Friends make difference. Having a friend means you are not alone, that someone sees you and someone cares about you. Friendships help students know that they matter. For human beings that sense of being cared for and seen is critical for our sense of well-being. What we now know is that without that sense, our stress levels go up. When our stress levels go up, our internal survival mechanism turns on and our ability to focus and to put new ideas into long term memory goes down dramatically: we can’t learn. So, building a classroom community in which every student can identify at least one other person who is a friend is important. Not just because it “feels good” but because it makes learning possible. As children learn how to make friends, often friendships last for hours or a few days, dissolve and then regrow. That is part of learning. You can provide multiple opportunities in your classroom where students learn how to build classroom friendships. Here are some ideas to get started:
- Start with the basics. Make sure you and all your students know all of each other’s names. There are lots of name games that can be played to make this fun and easy.

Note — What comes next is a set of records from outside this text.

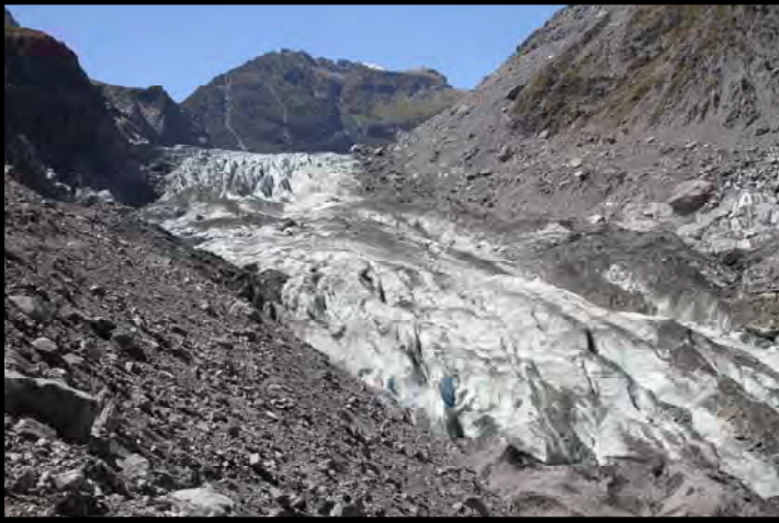
Fox Glacier covered in dust and debris.

had some distance to walk to get a look at this interesting natural phenomenon. The CO and our friends remain behind while I walked up the glacier face for a few photo's.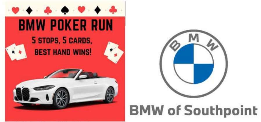
Deal Me In For a Poker Run!

Join us on Saturday, March 11<sup>th</sup> for our 2<sup>nd</sup> annual BMW of Southpoint Poker Run . We have planned a fun filled family spring event to drive through the scenic locations of this area. You'll have 5 stops to pick 5 poker cards and build your hand.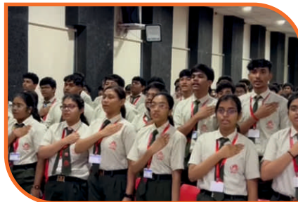
BDMI Oath Taking Ceremony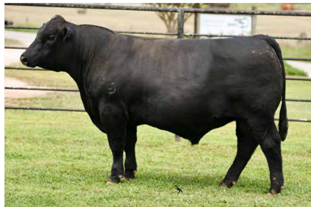
GIBBS 9114G ESSENTIAL Sire of Lots 5, 6.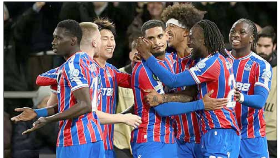
Crystal Palace has had their share of problems in the EPL this season...but they have taken to European football like the proverbial ducks to water

cup final, joined Arsenal and captain Marc Guehi almost moved to Liverpool, only for the deal to fall apart as the Eagles could not sort out a replacement.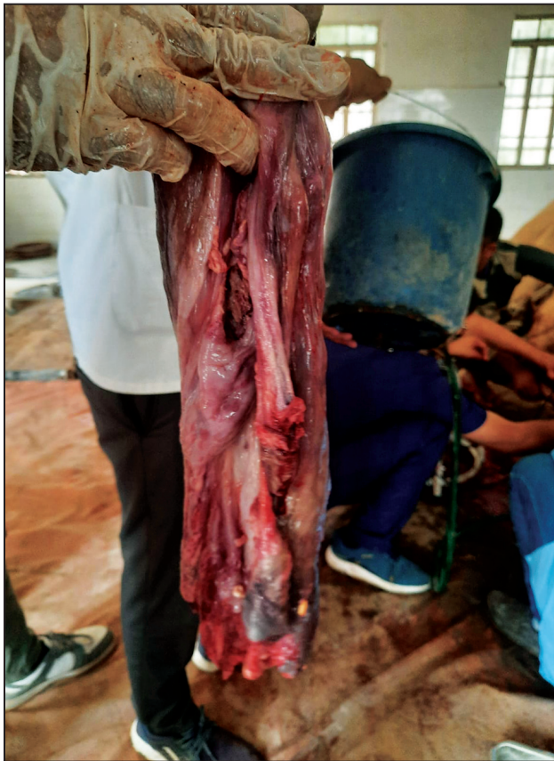
Fig 4. Gangrenous soft palate.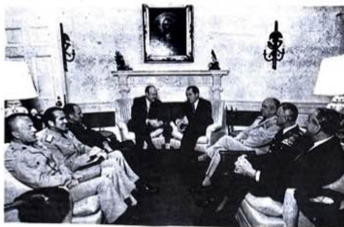
NIXON HAS GATHERED AROUND HIMSELF A LARGE GROUP OF MEN WITH LONG military backgrounds. The power he has at his disposal is tremendous.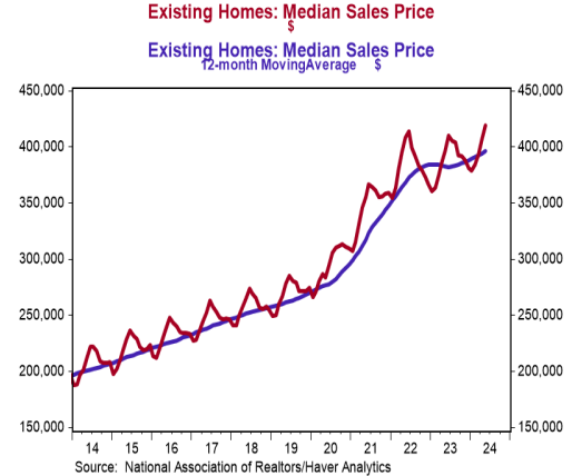
long it would take to sell existing inventory at the current very slow sales pace) was 3.7 in May, well below the benchmark of 5.0 that the National Association of Realtors uses to denote a normal market. A tight inventory of existing homes means that while the pace of sales looks like 2008, we aren't seeing that translate to a big decline in prices.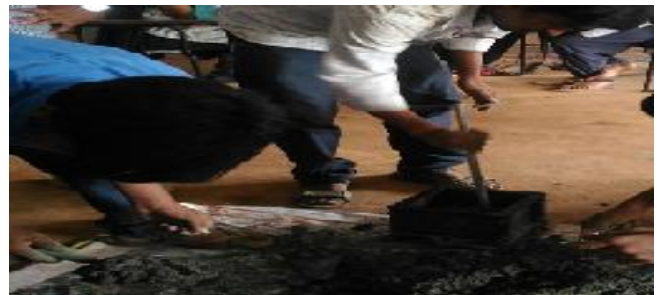
FIG -1: CASTING OF CUBES

The cubes are demoulded after 1 day of casting and then kept in respective water for curing at room temperature with a relative humidity of 85% the cubes are taken out from curing after 7, 14, 21 & 28 days for testing. The demolished concrete has been collected from the ongoing demolishing activities in Pragati Engineering College campus, Surampalem.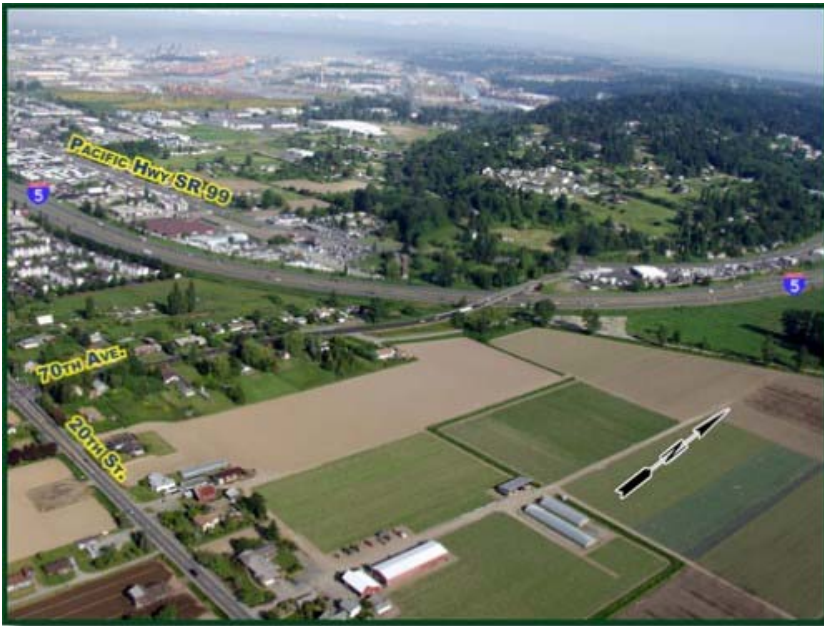
Interstate 5 - Existing

Note: Additional stakeholders dedicated $26 million to SR 167's completion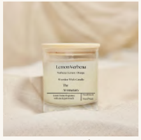
Lemon Verbena Verbena | Lemon | Orange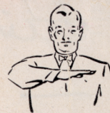
Illegal motion or formation at snap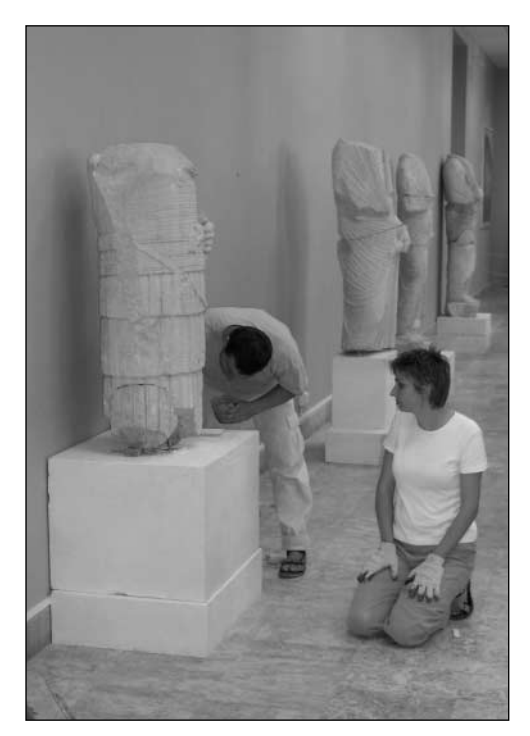
Fig. 2. Restoration work on the archaic statues in the gallery of Allat

Another of the season's tasks was to design a shelter to be erected over the mosaic discovered in 2002-2003.<sup>4</sup> Consultations with colleagues at the DGAM led to the decision to exhibit this nearly complete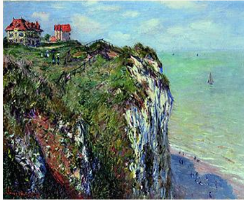
Fig. 4, Claude Monet, The Cliff at Dieppe , 1882. Oil on canvas. Kunsthau Zürich, Zürich. [larger image]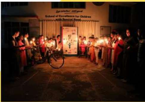
International Women Day

- Build Social Skills. Help your students learn how to communicate. All students benefit from practice in how to invite someone to join in, ask thoughtful questions and solve a small problem. For some students explicit practice in the classroom will empower them to connect with their peers in less structured settings like the lunchroom or playground.
- Read age appropriate books about friendships and invite thinking about what works and what doesn’t. You can also point out and help students notice examples of friendship in read alouds and classroom texts. Keep a list of things that characters do and say that demonstrate being a good friend.
- Help your students learn how to be helpful not hurtful. The Positive Discipline curriculum has several lessons for supporting these skills.
- Encouragement. Children do better when they feel better. That includes being able to build friendships. Offer “I notice” and “I appreciate” statements to students privately to help them be aware of their strengths.
- Compliments. Build your students ability to give meaningful compliments by practicing them at class meetings.
- Create a friendship chain. Cut strips of construction paper and invite students to write or draw examples of things they see others doing or things they do which demonstrate friendship. Connect the links together to make a friendship chain around your classroom.
- Collect some data. Ask your students to list 3 of their class friends on a piece of paper that you collect and doesn’t get shared. You will be able to tell who needs more support in building friendships by seeing whose names are not listed. Check out this link for more details.
- Build in “sideways support.” Sometimes children long for friendships too much that they come across as intrusive or “too close” for other students. Helping the struggling student feel meaningful in other ways can reduce their stress and help with their interpersonal connections. Extra classroom jobs are great for this. Building skills in structured connections help too. For example, in elementary school the student could become the classroom greeter in the morning or after lunch.
- Ask for help. Some students need extra help in building friendship skills. Your school counselor can start some friendship groups. Including peers that know how to make friends along with students who are learning can make those groups more successful.